WHAT IS NEEDED
Find the line with "Eule Bernstein Anhänger" in the entries below. Repeat it, every following line, and the line with "TORNADO JET bezdotykový", exactly and with nothing added.

MATERIAL SHOWN
####################
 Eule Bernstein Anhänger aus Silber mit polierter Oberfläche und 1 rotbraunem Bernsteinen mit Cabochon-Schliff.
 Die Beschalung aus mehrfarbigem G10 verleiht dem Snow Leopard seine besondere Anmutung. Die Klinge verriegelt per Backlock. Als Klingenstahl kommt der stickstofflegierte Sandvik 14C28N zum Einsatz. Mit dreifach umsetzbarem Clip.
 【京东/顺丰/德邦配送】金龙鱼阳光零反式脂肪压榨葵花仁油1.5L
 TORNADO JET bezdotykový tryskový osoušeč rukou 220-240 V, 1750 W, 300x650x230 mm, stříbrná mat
####################
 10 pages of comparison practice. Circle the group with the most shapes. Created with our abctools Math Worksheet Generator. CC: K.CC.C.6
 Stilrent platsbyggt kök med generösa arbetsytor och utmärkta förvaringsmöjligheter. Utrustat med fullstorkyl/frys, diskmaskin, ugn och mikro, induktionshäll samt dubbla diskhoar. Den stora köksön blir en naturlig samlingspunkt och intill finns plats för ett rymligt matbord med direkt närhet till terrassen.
####################
WRITTEN RESPONSE
 Eule Bernstein Anhänger aus Silber mit polierter Oberfläche und 1 rotbraunem Bernsteinen mit Cabochon-Schliff.
 Die Beschalung aus mehrfarbigem G10 verleiht dem Snow Leopard seine besondere Anmutung. Die Klinge verriegelt per Backlock. Als Klingenstahl kommt der stickstofflegierte Sandvik 14C28N zum Einsatz. Mit dreifach umsetzbarem Clip.
 【京东/顺丰/德邦配送】金龙鱼阳光零反式脂肪压榨葵花仁油1.5L
 TORNADO JET bezdotykový tryskový osoušeč rukou 220-240 V, 1750 W, 300x650x230 mm, stříbrná mat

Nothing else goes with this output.